*** DATA FOR THE TASK ***

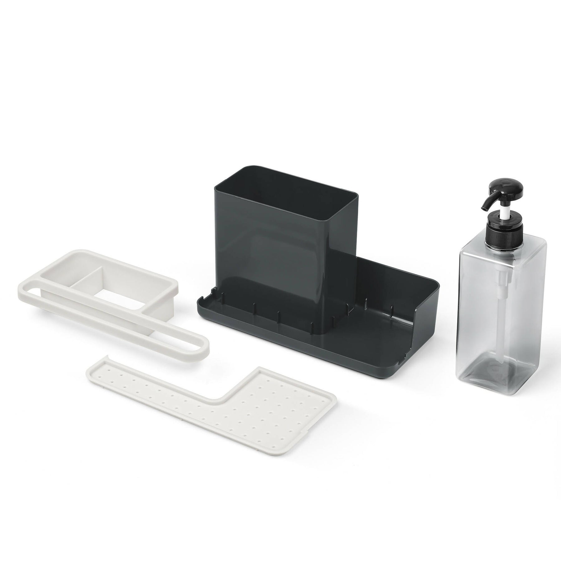 Barra frontal para colgar el paño de limpieza. Incluye dispensador de jabon, 600 ml. Varios compartimientos. Medidas: 23,5 x 11,5 x 22,5 cms.
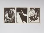 José PIRÈS (1955-2020) - Triptyque Toros - 28,7 x 63,6 cm- Estampe signée au crayon en bas à droite - (sans cadre, tache)
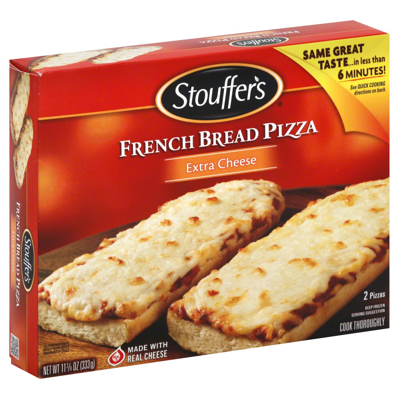 Remove pizza (s) from box & wrap. Cook in oven 5 minutes. Stouffer ’ s french bread pizza are oven baked for a golden crisp crust.
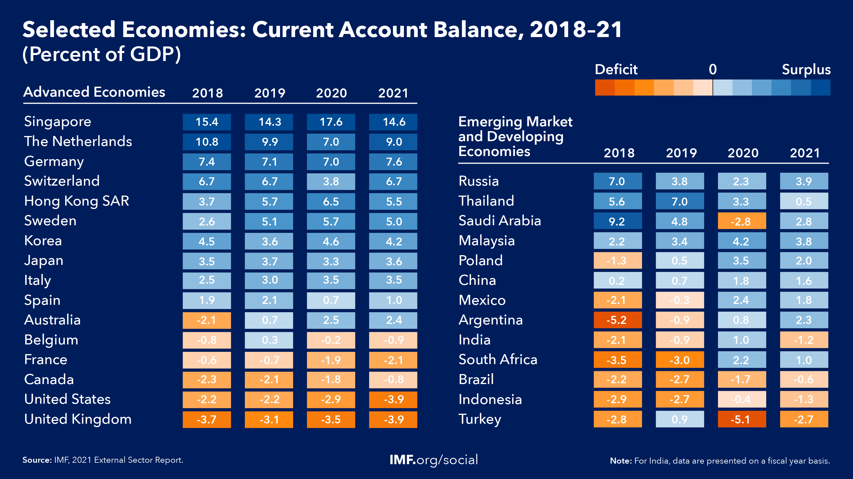 Unprecedented government borrowing to finance health care and economic support has had uneven effects on current account balances. The impact on the current account balances depends on a country’s relative fiscal policy stance compared with that of its trading partners.
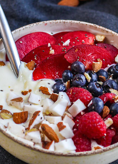 - Lave et découpez vos fruits, puis disposez les harmonieusement sur le yaourt.
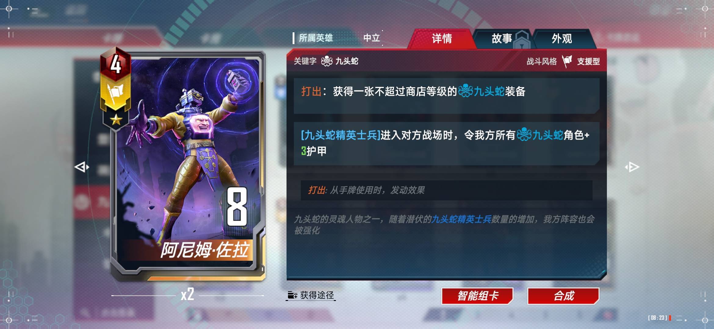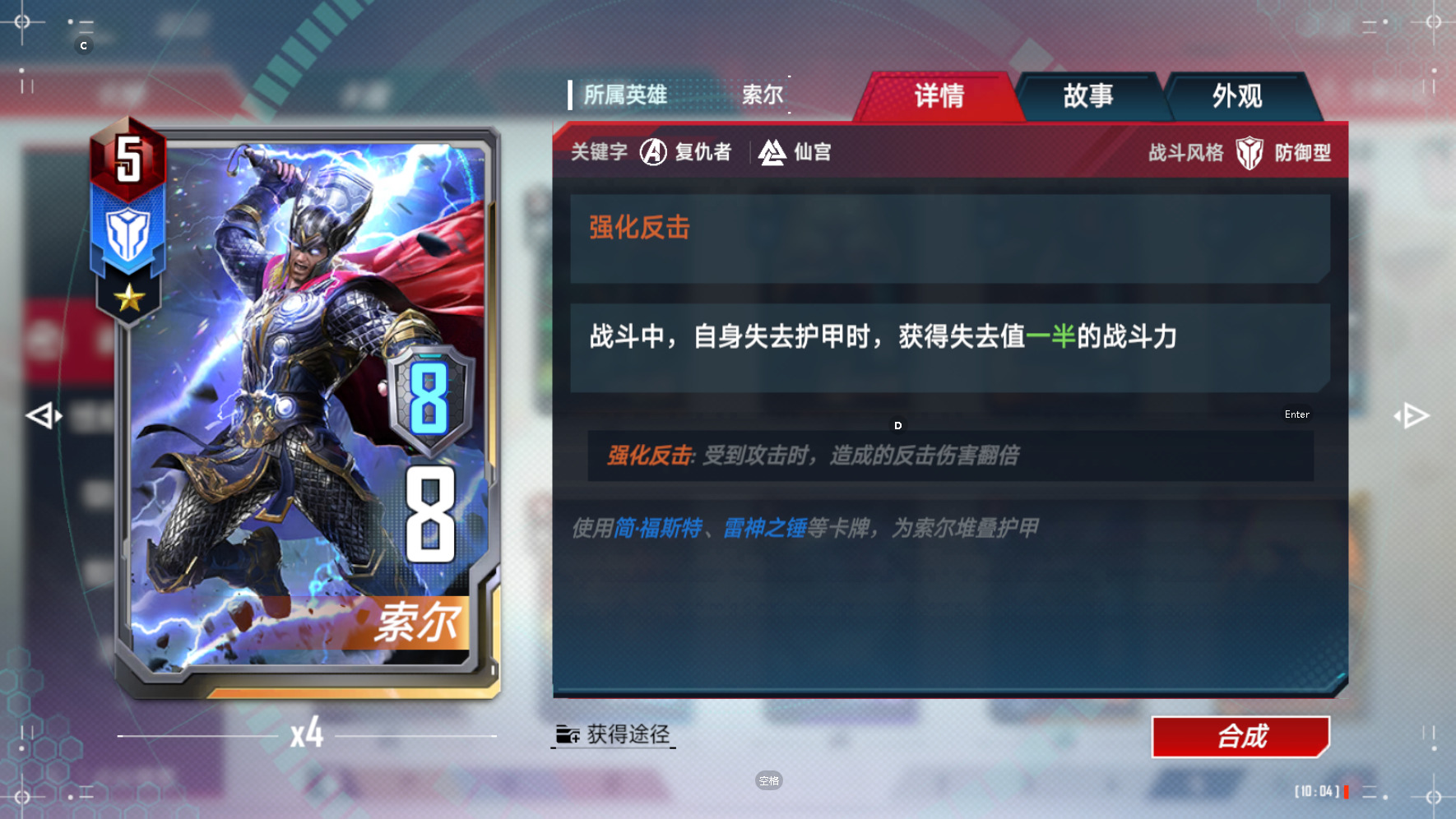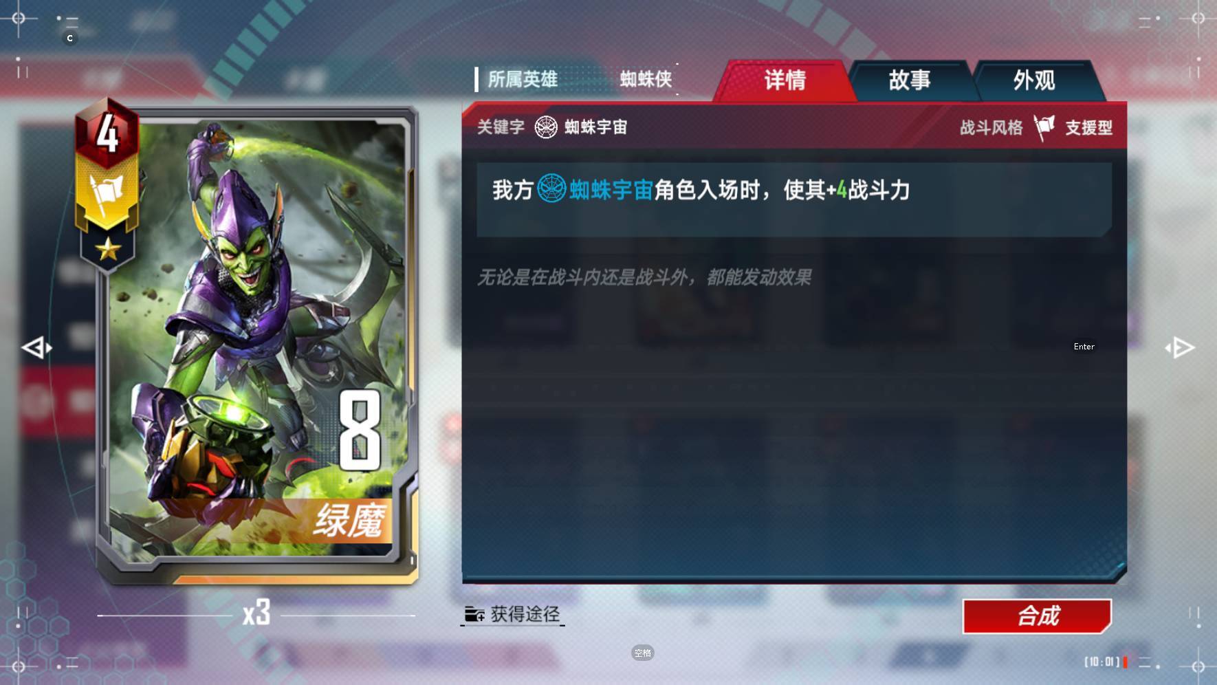 诱导目标:亚当。和上面类似的情况,本来我认为万能和亚当的诱导条件都是红卡造成物理伤害,但是这场对局就没法解释——如果亚当和万能的诱导条件都仅仅是物理伤害的话,我场上3个这么大的银河护卫队角色打了绝大多数输出,应该发亚当才对,怎么给的是万能?后来又单独测试了许多次后给万能的诱导条件加上了“通过角色技能给我方角色增加战斗力”。这样就能解释这场对局了:是因为两个星云的破敌加了大量战斗力导致诱导出万能。然后我按照这个假设尝试了全蓝诱导万能并取得了成功:
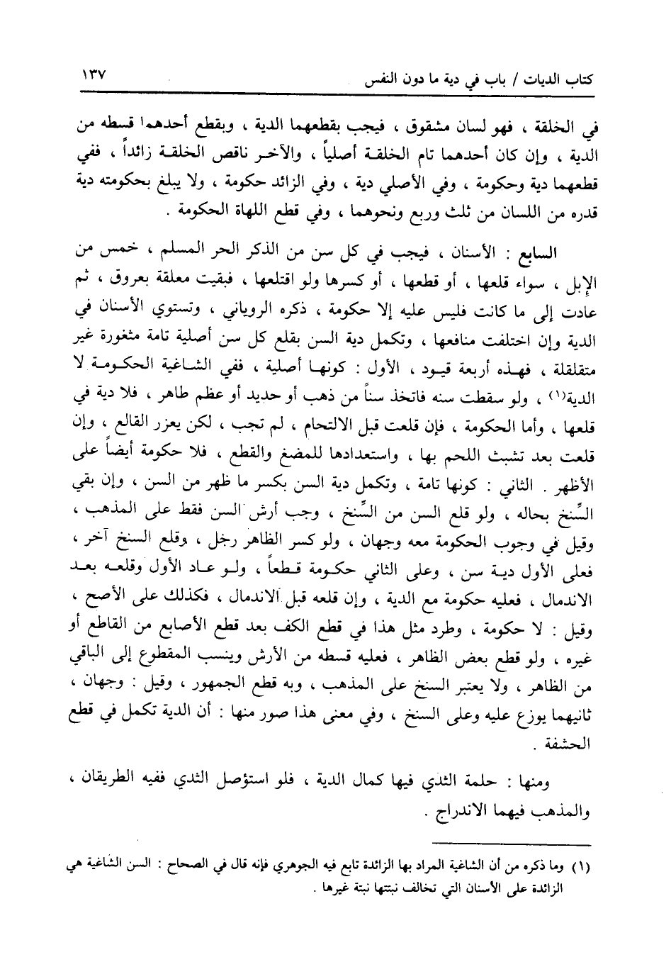في الخلقة، فهو لسان مشقوق، فيجب بقطعهما الدية، وبقطع أحدهما قسطه من الدية، وإن كان أحدهما تام الخلقة أصليا، والآخر ناقص الخلقة زائدا، ففي قطعهما دية وحكومة، وفي الاصلي دية، وفي الزائد حكومة، ولا يبلغ بحكومته دية قدره من اللسان من ثلث وربع ونحوهما، وفي قطع اللهاة الحكومة. السابع: الاسنان، فيجب في كل سن من الذكر الحر المسلم، خمس من الابل، سواء قلعها، أو قطعها، أو كسرها ولو اقتلعها، فبقيت معلقة بعروق، ثم عادت إلى ما كانت فليس عليه إلا حكومة، ذكره الروياني، وتستوي الاسنان في الدية وإن اختلفت منافعها، وتكمل دية السن بقلع كل سن أصلية تامة مثغورة غير متقلقلة، فهذه أربعة قيود، الاول: كونها أصلية، ففي الشاغية الحكومة لا الدية، ولو سقطت سنه فاتخذ سنا من ذهب أو حديد أو عظم طاهر، فلا دية في قلعها، وأما الحكومة، فإن قلعت قبل الالتحام، لم تجب، لكن يعزر القالع، وإن قلعت بعد تشبث اللحم بها، واستعدادها للمضغ والقطع، فلا حكومة أيضا على الاظهر. الثاني: كونها تامة، وتكمل دية السن بكسر ما ظهر من السن، وإن بقي السنخ بحاله، ولو قلع السن من السنخ، وجب أرش السن فقط على المذهب، وقيل في وجوب الحكومة معه وجهان، ولو كسر الظاهر رجل، وقلع السنخ آخر، فعلى الاول دية سن، وعلى الثاني حكومة قطعا، ولو عاد ا لاول وقلعه بعد الاندمال، فعليه حكومة مع الدية، وإن قلعه قبل الاندمال، فكذلك على الاصح، وقيل: لا حكومة، وطرد مثل هذا في قطع الكف بعد قطع الاصابع من القاطع أو غيره، ولو قطع بعض الظاهر، فعليه قسطه من الارش وينسب المقطوع إلى الباقي من الظاهر، ولا يعتبر السنخ على المذهب، وبه قطع الجمهور، وقيل: وجهان، ثانيهما يوزع عليه وعلى السنخ، وفي معنى هذا صور منها: أن الدية تكمل في قطع الحشفة. ومنها: حلمة الثدي فيها كمال الدية، فلو استؤصل الثدي ففيه الطريقان، والمذهب فيهما الاندراج.

*** End of DATA FOR THE TASK ***

TASK ITEM: Copy everything in the records above except the pictures, exactly as written.

RESULT OF THE TASK:
 Barra frontal para colgar el paño de limpieza. Incluye dispensador de jabon, 600 ml. Varios compartimientos. Medidas: 23,5 x 11,5 x 22,5 cms.
 José PIRÈS (1955-2020) - Triptyque Toros - 28,7 x 63,6 cm- Estampe signée au crayon en bas à droite - (sans cadre, tache)
 Remove pizza (s) from box & wrap. Cook in oven 5 minutes. Stouffer ’ s french bread pizza are oven baked for a golden crisp crust.
 Unprecedented government borrowing to finance health care and economic support has had uneven effects on current account balances. The impact on the current account balances depends on a country’s relative fiscal policy stance compared with that of its trading partners.
 - Lave et découpez vos fruits, puis disposez les harmonieusement sur le yaourt.
 诱导目标:亚当。和上面类似的情况,本来我认为万能和亚当的诱导条件都是红卡造成物理伤害,但是这场对局就没法解释——如果亚当和万能的诱导条件都仅仅是物理伤害的话,我场上3个这么大的银河护卫队角色打了绝大多数输出,应该发亚当才对,怎么给的是万能?后来又单独测试了许多次后给万能的诱导条件加上了“通过角色技能给我方角色增加战斗力”。这样就能解释这场对局了:是因为两个星云的破敌加了大量战斗力导致诱导出万能。然后我按照这个假设尝试了全蓝诱导万能并取得了成功:
في الخلقة، فهو لسان مشقوق، فيجب بقطعهما الدية، وبقطع أحدهما قسطه من الدية، وإن كان أحدهما تام الخلقة أصليا، والآخر ناقص الخلقة زائدا، ففي قطعهما دية وحكومة، وفي الاصلي دية، وفي الزائد حكومة، ولا يبلغ بحكومته دية قدره من اللسان من ثلث وربع ونحوهما، وفي قطع اللهاة الحكومة. السابع: الاسنان، فيجب في كل سن من الذكر الحر المسلم، خمس من الابل، سواء قلعها، أو قطعها، أو كسرها ولو اقتلعها، فبقيت معلقة بعروق، ثم عادت إلى ما كانت فليس عليه إلا حكومة، ذكره الروياني، وتستوي الاسنان في الدية وإن اختلفت منافعها، وتكمل دية السن بقلع كل سن أصلية تامة مثغورة غير متقلقلة، فهذه أربعة قيود، الاول: كونها أصلية، ففي الشاغية الحكومة لا الدية، ولو سقطت سنه فاتخذ سنا من ذهب أو حديد أو عظم طاهر، فلا دية في قلعها، وأما الحكومة، فإن قلعت قبل الالتحام، لم تجب، لكن يعزر القالع، وإن قلعت بعد تشبث اللحم بها، واستعدادها للمضغ والقطع، فلا حكومة أيضا على الاظهر. الثاني: كونها تامة، وتكمل دية السن بكسر ما ظهر من السن، وإن بقي السنخ بحاله، ولو قلع السن من السنخ، وجب أرش السن فقط على المذهب، وقيل في وجوب الحكومة معه وجهان، ولو كسر الظاهر رجل، وقلع السنخ آخر، فعلى الاول دية سن، وعلى الثاني حكومة قطعا، ولو عاد ا لاول وقلعه بعد الاندمال، فعليه حكومة مع الدية، وإن قلعه قبل الاندمال، فكذلك على الاصح، وقيل: لا حكومة، وطرد مثل هذا في قطع الكف بعد قطع الاصابع من القاطع أو غيره، ولو قطع بعض الظاهر، فعليه قسطه من الارش وينسب المقطوع إلى الباقي من الظاهر، ولا يعتبر السنخ على المذهب، وبه قطع الجمهور، وقيل: وجهان، ثانيهما يوزع عليه وعلى السنخ، وفي معنى هذا صور منها: أن الدية تكمل في قطع الحشفة. ومنها: حلمة الثدي فيها كمال الدية، فلو استؤصل الثدي ففيه الطريقان، والمذهب فيهما الاندراج.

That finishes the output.